▶ [MATERIAL FOR THIS EXERCISE]:
Segment Open
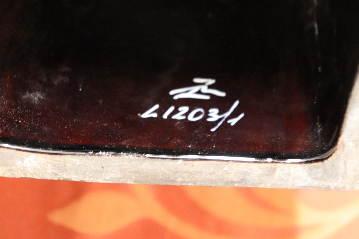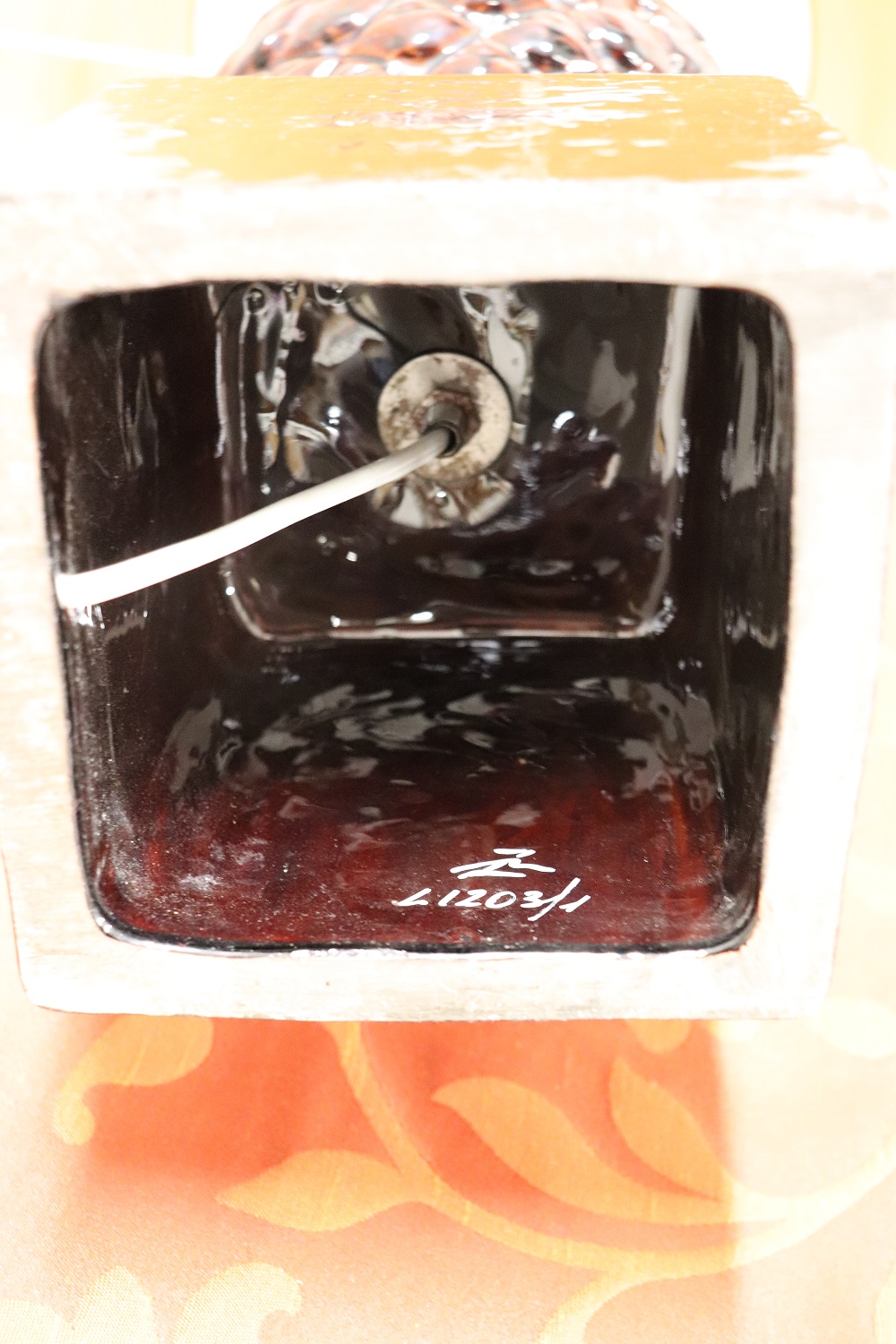 1970s design table lamp made of brown glazed ceramic in the shape of a pineapple, one light. There is an unidentified mark under the base. Perfect condition of the ceramic, some signs of the passage of time on the lampshade. We recommend that you look at all the attached photos in detail. Proposed at an excellent negotiable price, we invite you to send us your purchase proposals, we will gladly evaluate them.
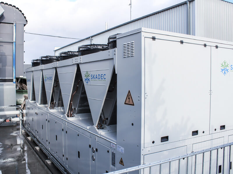 A propane R290 chiller with 230 kW cooling capacity and two refrigeration circuits with free cooling.
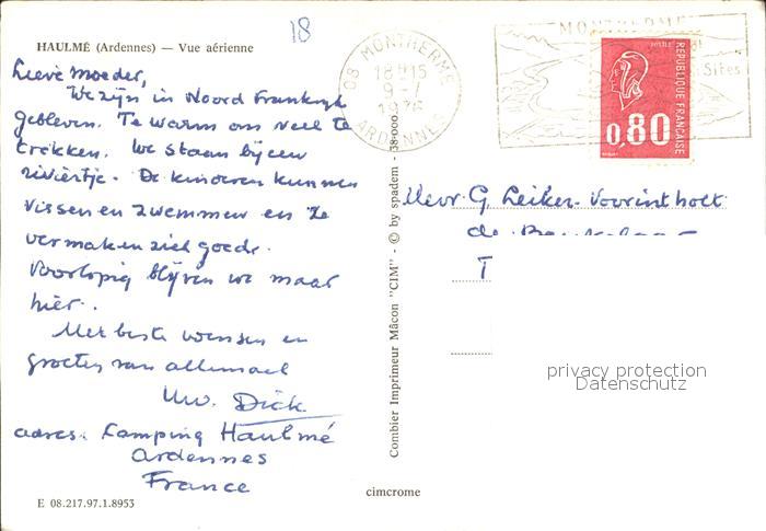 12482434 carte postale Haulme Fliegeraufnahme Camping postalisch gelaufen Erhaltung siehe scans KatCode: 11170008108217
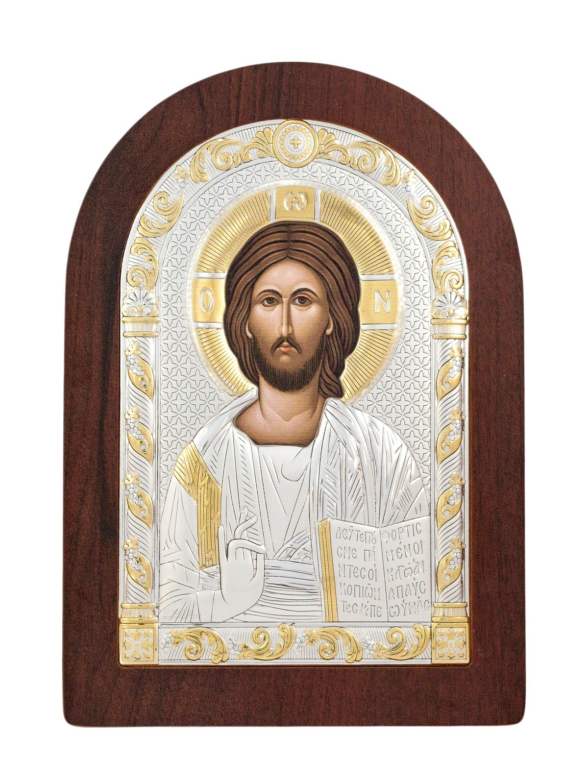 Спаситель, икона арочная, красное дерево 75х103мм серебряная Греческая.
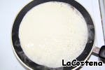 На горячую блинную сковородку нальем тесто и испечем блинчики.
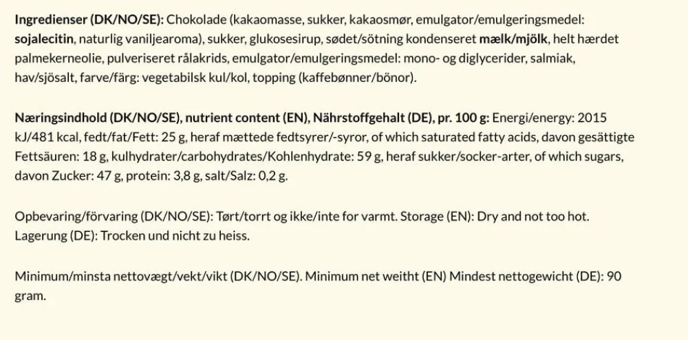 Guld symfoni. 2 stk. stænger. Håndlavet dansk kvalitet. Den originale Salt Bagsværd Lakrids udskæres, og overtrækkes med Dulce Karamelliseret hvid chokolade. Lakridsen har sin karakteristiske smag, fordi den fremstilles af det fineste lakridspulver, og fordi den frembringes af Maillard-reaktionen, hvor mælkeprotein og sukker reagerer med hinanden i gryden. Efter kogning hældes lakridsen i forme, hvor den størkner natten over. Herefter udskæres den og føres gennem et slør (eller gardin) af flydende chokolade. Efter tørring er den klar til at blive spist.
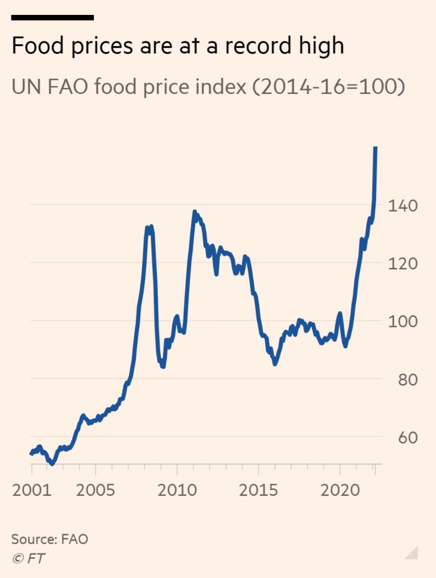 I prezzi alimentari mondiali hanno raggiunto un nuovo record dovuto all’impatto della guerra in Ucraina
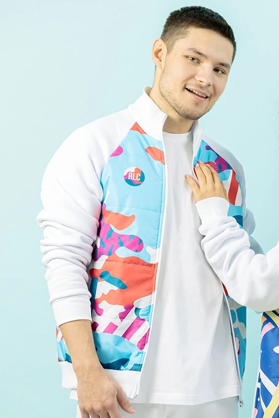 Модель. Толстовка прямого силуэта с рукавом реглан, имеет два прорезных кармана в листочку без молнии, полочка и спинка со стандартной стежкой. Без капюшона, застежка молния. Основной материал футер 3-х нитка с начесом стандартных цветов, полочка и спинка выполнены из дьюспо с полной запечаткой. Подклад из шелка расцвечивания стандартных цветов, имеет наполнитель из синтепона 60 гр. Воротник, манжеты рукавов и низ толстовки выполнены из кашкорсе стандартных цветов.
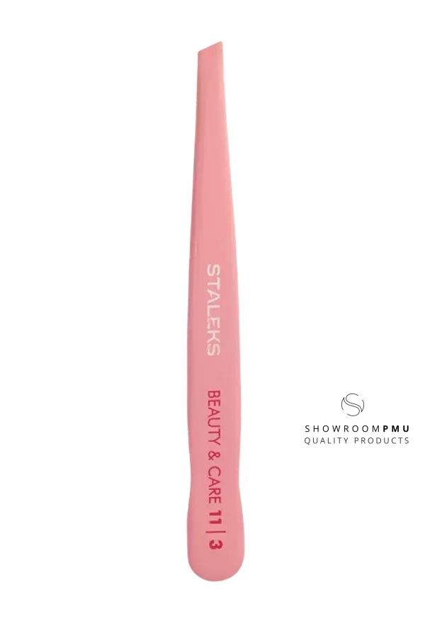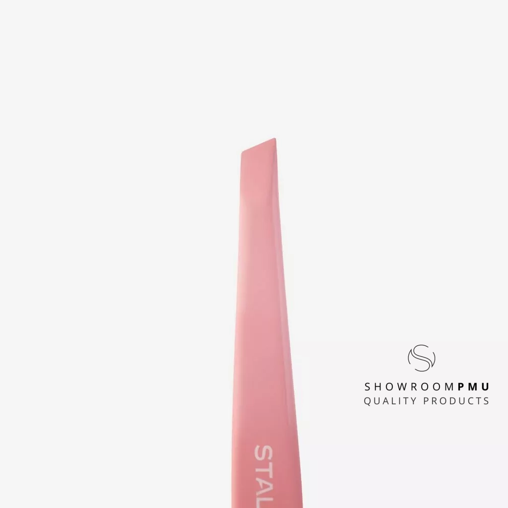 Pęseta w pełni radzi sobie ze specyfiką korekcji szerokich i grubych brwi i posiada ścięte brzegi dla ułatwienia użytkowania. Wykonana jest ze stali nierdzewnej, używanej do produkcji narzędzi chirurgicznych.
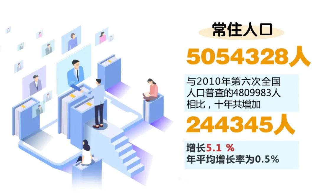 全市常住人口为5054328人,与2010年第六次全国人口普查的4809983人相比,十年共增加244345人,增长5.1 %,年平均增长率为0.5%。
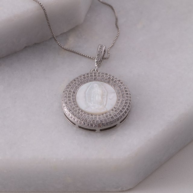 Encante-se com esse colar!Este lindo colar CRAVEJADO DE ZIRCÔNIAS CRISTAIS NOSSA SENHORA DE GUADALUPE é feito com LATÃO BANHADO A RÓDIO BRANCO de alta qualidade.
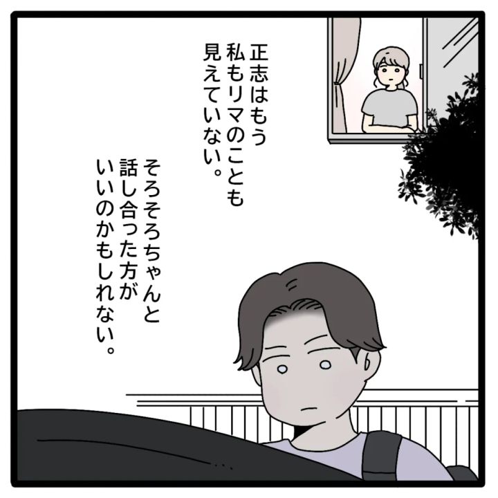 今の正志には、私のこともリマのことも見えていません。以前までの優しくて家族想いだった彼は消えました。私は、家の外で聡子さんの元に向かう準備をする正志を眺めながら、そろそろちゃんと離婚について話し合った方がいいのかもしれないと思いました。
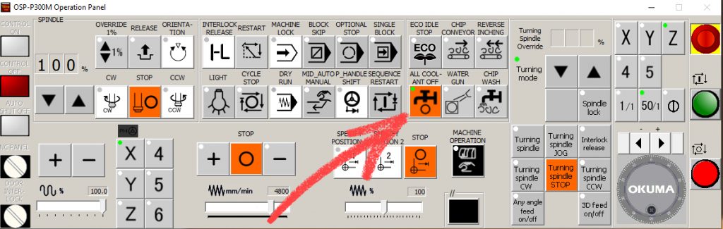 Dacă ați prelucra o gaură adâncă, de exemplu, nu ați dori ca un burghiu cu lichid de răcire prin arborele principal să funcționeze fără lichidul de răcire. Deci, dacă un operator ar avea butonul „All Coolant Off” aprins în prezent, aceasta ar cauza o problemă, probabil o defecțiune a sculei și, posibil, un zgomot puternic în timpul prelucrării.
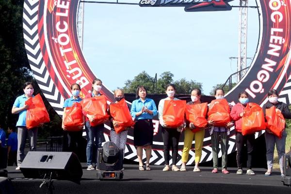 Đ/c Trương Thị Thu - Chủ tịch CĐ các KCN trao quà hỗ trợ CNLĐ có hoàn cảnh khó khăn
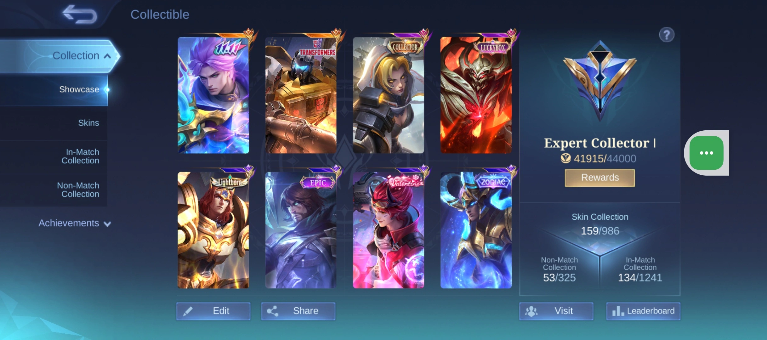 C159|LV 55|85 HERO|159 SKIN|ALL EMBLEM MAX|ROGER TRANSFORMERS|NOLAN 11.11|NATALIA COLLECTOR|ZHASK LUCKYBOX|8 EPIC|2 LIGHTBORN|2 DRAGON TAMER|3 SABER|MARTIS ZODIAC|5 STARLIGHT
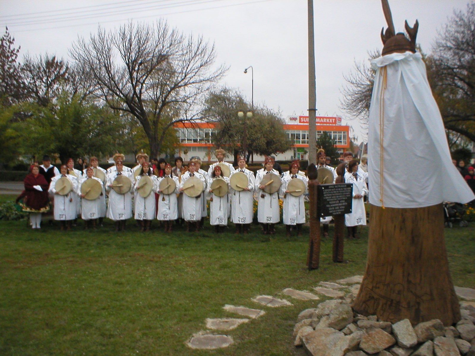 A magyarországi Regélő Fehér Táltos Dobcsapat.Létrehozó: Csemadok Művelődési Intézete
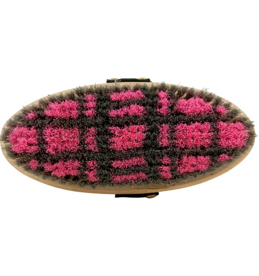 Dwukolorowa szczotka do czyszczenia koni. Wykonana z drewna i syntetycznego włosia. Wielkość: 19 cm
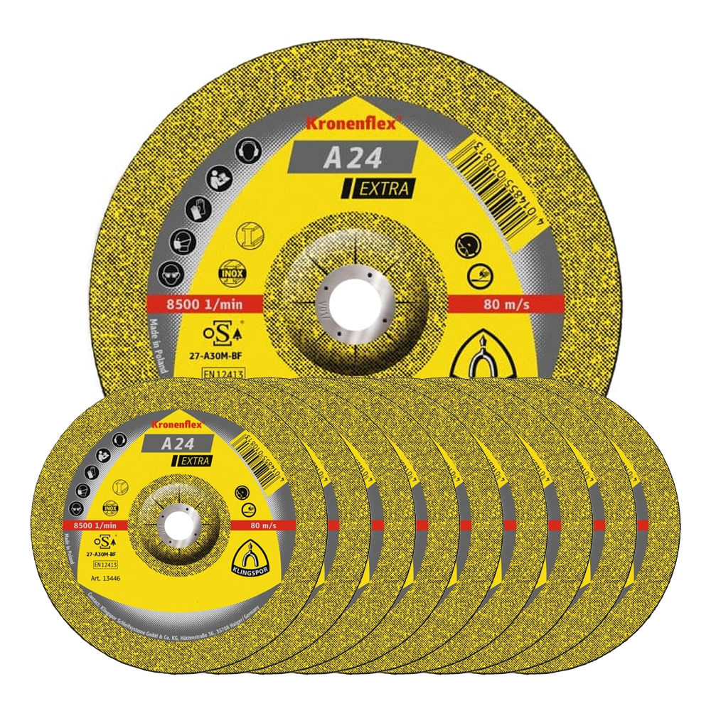 The Klingspor 4 1/2″ Metal Grinding Discs (10 Pack) —A24 Extra series—deliver aggressive stock removal and extended service life for professional metalworking. Designed with a depressed-centre profile and synthetic A24 abrasive grain , these 115 mm wheels excel in maintenance, fabrication, and plant construction. Certified to EN 12413 and oSa standards, they run safely at the specified maximum RPM and maintain high removal rates across steel, stainless, and general-purpose metals.
Segment Closed
▶ [TASK GOAL]: Exactly the lines above, from the one containing "C159|LV 55|85 HERO|159" down to the one containing "Dwukolorowa szczotka do", are to be repeated, including both ends. Pictures are not part of the copy.

▶ [COMPLETED EXERCISE]:
 C159|LV 55|85 HERO|159 SKIN|ALL EMBLEM MAX|ROGER TRANSFORMERS|NOLAN 11.11|NATALIA COLLECTOR|ZHASK LUCKYBOX|8 EPIC|2 LIGHTBORN|2 DRAGON TAMER|3 SABER|MARTIS ZODIAC|5 STARLIGHT
 A magyarországi Regélő Fehér Táltos Dobcsapat.Létrehozó: Csemadok Művelődési Intézete
 Dwukolorowa szczotka do czyszczenia koni. Wykonana z drewna i syntetycznego włosia. Wielkość: 19 cm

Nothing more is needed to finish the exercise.